Alfonso Altamira se dio cuenta de que había perdido la costumbre de estar solo cuando regresó al apartamento, el viernes, después de terminar la última clase en el instituto: Frida Klein ya se había marchado. A pesar de que ella le había dicho que pasaría fuera el fin de semana, esperaba que no fuese verdad, que al regresar del instituto se la encontrase, con la comida preparada, aguardando su llegada, como una joven esposa que escucha la música suave del gramófono sentada tranquilamente en la butaca del salón, haciendo tiempo mientras llega su marido. El hocico húmedo de Newton buscó la mano de su dueño. El animal movió la cola y se tumbó panza arriba, esperando una caricia.

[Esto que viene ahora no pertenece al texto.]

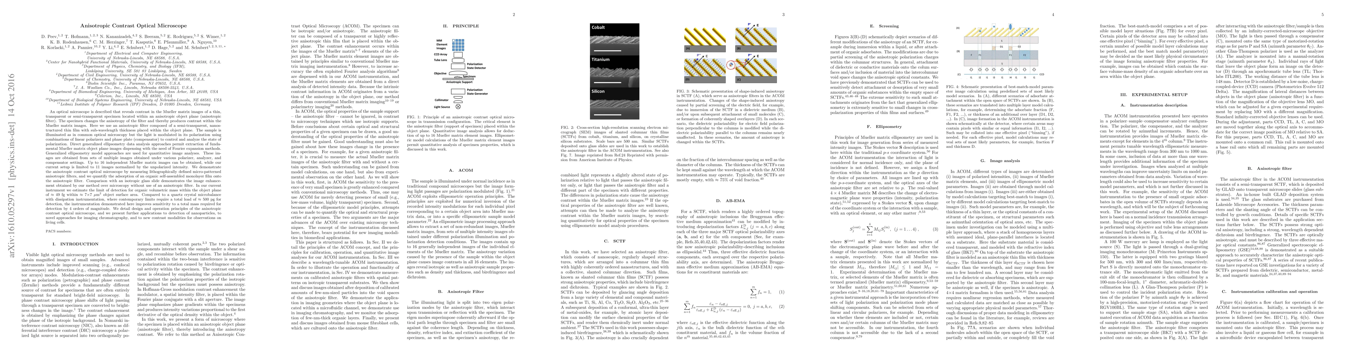 An optical microscope is described that reveals contrast in the Mueller matrix images of a thin, transparent or semi-transparent specimen located within an anisotropic object plane (anisotropic filter). The specimen changes the anisotropy of the filter and thereby produces contrast within the Mueller matrix images. Here we use an anisotropic filter composed of a semi-transparent, nanostructured thin film with sub-wavelength thickness placed within the object plane. The sample is illuminated as in common optical microscopy but the light is modulated in its polarization using combinations of linear polarizers and phase plate (compensator) to control and analyze the state of polarization. Direct generalized ellipsometry data analysis approaches permit extraction of fundamental Mueller matrix object plane images dispensing with the need of Fourier expansion methods. Generalized ellipsometry model approaches are used for quantitative image analyses. We demonstrate the anisotropic contrast optical microscope by measuring lithographically defined micro-patterned anisotropic filters, and we quantify the adsorption of an organic self-assembled monolayer film onto the anisotropic filter. In our current instrument we estimate the limit of detection for organic volumetric mass within the object plane of $\approx$ 49 fg within $\approx$ 7$\times$7~$\mu$m$^2$ object surface area. Compared to a quartz crystal microbalance with dissipation instrumentation, where contemporary limits require a total load of $\approx$ 500~pg for detection, the instrumentation demonstrated here improves sensitivity to a total mass required for detection by 4 orders of magnitude. We present further applications to detection of nanoparticles, to novel approaches for imaging chromatography, and to new contrast modalities for observations on living cells.

—Al menos tú sigues aquí —le dijo Altamira, pasando su mano por el vientre blanco del perro.
Dejó caer su carpeta con desgana en la butaca que hacía las veces de cama para su huésped y fue hasta el armario de la habitación. No respiró tranquilo hasta que vio la ropa de Frida colgada en las perchas. Al menos no se había marchado definitivamente, sólo el fin de semana, como le había dicho, y aunque eso no significaba que muy pronto, tal vez el mismo domingo por la noche, cuando regresara, o el lunes, no recogiera la ropa que le quedaba en el armario y le dijera adiós para siempre, se sintió aliviado porque al menos ahora tenía una tregua para arreglar las cosas, no como en Madrid, tres años antes, cuando Frida Klein abandonó su trabajo en la universidad y no volvió a saber más de ella hasta que el profesor Steiner la mencionó en su última carta.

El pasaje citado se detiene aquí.